Online selling is nothing new, notably in plugged-in South Korea. But a firm says it's going further. It's contrast out a practical supermarket in a open place.
At Seolleung subterraneous hire in Seoul, there's a quarrel of brightly illuminated billboards along the platform, with hundreds of cinema of food and splash - all from fruit and divert to present noodles and house pet food.
Standing on the platform, a human in his 60s who gives his name as Mr Bae, says it looks to him similar to an public notice for a ease of use store.
When we notify it's a practical supermarket that you access with your smartphone, he doesn't appear impressed. He says he doesn't have a smartphone, so it's not for him. But he says, it's a great thought for younger Koreans.
And that's who this practical supermarket is essentially written for, according to Homeplus, the South Korean associate of the British supermarket sequence Tesco.
Earlier this year, the Wall Street Journal reported that the number of smartphone subscribers in South Korea had transfered 10 million, up from only a couple of hundred thousand in 2009.
That might be because Homeplus's plan co-ordinator, Jo Hyun Jae, is sounding so confident.
He says young Koreans increasingly rest on smartphones to take caring of many of their every day tasks.
"Our customers are unequivocally active and many do not have the time to go to the supermarket to do their shopping," he says. "So the practical store allows them to save time."
Kim Yoona, 25, volunteers to give the practical supermarket a try.
After downloading the Homeplus app to her smartphone, Kim stands on the platform, checking out what's on offer.
She has more than 500 of the company's many renouned grocery products to select from.

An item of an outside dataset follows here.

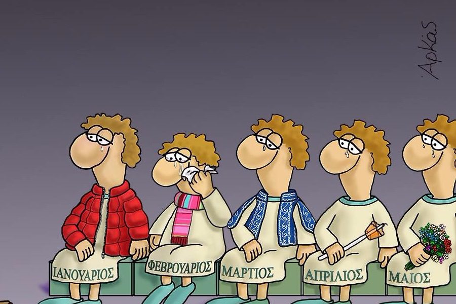 Ο «Φεβρουάριος και οι έντεκα μήνες» είναι ένα μικρό αριστούργημα του Αρκά, γιατί έχει όλα σχεδόν τα στοιχεία της Τέχνης του. Πρώτα πρώτα ο Αρκάς βλέπει κάτι που κανείς άλλος δεν βλέπει: τους δώδεκα μήνες και το μπαμπά τους το Χρόνο με σάρκα και οστά. Ντυμένοι με κάτι που μοιάζει με χλαμύδα, οι μήνες έχουν τον απολύτως δικό τους κόσμο: υπάρχουν, στρυμωγμένοι σε μια σειρά, αυτοί και άλλος κανείς. Το ίδιο το εύρημα είναι απίθανο, όμως η όποια κωμικότητα του θα εξαντλούνταν γρήγορα, αν ο Αρκάς δεν έκανε κάτι πανέξυπνο: έδωσε στον καθένα από τους μήνες προσωπικότητα, παίζοντας με κάποια στερεότυπα που τους ακολουθούν, αλλά και αυθαιρετώντας συγχρόνως, πιστώνοντάς τους, χάρη στη γλώσσα, με κουσούρια που δεν περιμένεις. Κυρίως ο τρόπος που ο ένας ειρωνεύεται τον άλλο είναι καταπληκτικός, όπως καταπληκτική είναι και η διάθεσή τους για καυγάδες. Η ουρά, στην οποία βρίσκονται όλοι και περιμένουν, δημιουργεί έτσι κι αλλιώς νευρικότητα.

"I'm considering of buying the Maxin Mocha Gold Might, an present coffee mix," she says. "They have one, two, three, four, five, 6 kinds of coffee blend lines. Because Maxin is my favourite, we will purchase this."
Kim binds her phone over the black-and-white QR - the Quick Response ethics - only beneath the photo of the coffee.
There's a beep, and the photo of the coffee appears on her phone screen.
She selects what bag size she wants, then the app asks her to come in when and where she'd similar to the product delivered.
If orders are placed before 13:00, the firm pledges to broach the groceries the same evening.
Homeplus's Jo Hyun Jae mentioned there are skeleton to put practical stores in other subterraneous railway stations, notably those shut to the city's universities.
And the firm wants to introduce them in other countries too, he says.
"We regard this process can work outward of Korea, given many young people around the world are taking advantage of smartphone technology."
But Kwon Ki-Duk, at the Samsung Economic Research Institute in Seoul, says there are aspects of local consumer enlightenment that make technology similar to the practical grocery more expected to take off in South Korea than elsewhere.
She points out that Koreans are very rapid to adjust to new technology products.
"Koreans are unequivocally meddlesome in concentration and cramming many not similar functions in to a singular gadget, and blending technologies, to be able to find novel ways to total common tasks," she says.
But, says Kwon, South Koreans are not ready to desert today's supermarkets - not nonetheless at least.
The nation is important for its long working hours and difficult work culture. Going shopping, she says, is a way for people to relax when they are not working.
She includes herself in that group.
After perplexing out the practical store, Kim Yoona agrees that for her, it does not nonetheless reinstate a earthy supermarket.
That is because she likes to see and hold things before she buys them.
"When we go to the actual store, we can examine the high quality of the vegetables or fruits," she says.
There doesn't appear to be a smartphone app that can do that.
Not yet, anyway.
Additional stating by Rob Hugh-Jones.
You can listen to a air wave chronicle of this square at PRI's The World , a co-production of the BBC World Service, Public Radio International, and WGBH in Boston. The air wave inform was initial announce on October 6, 2011.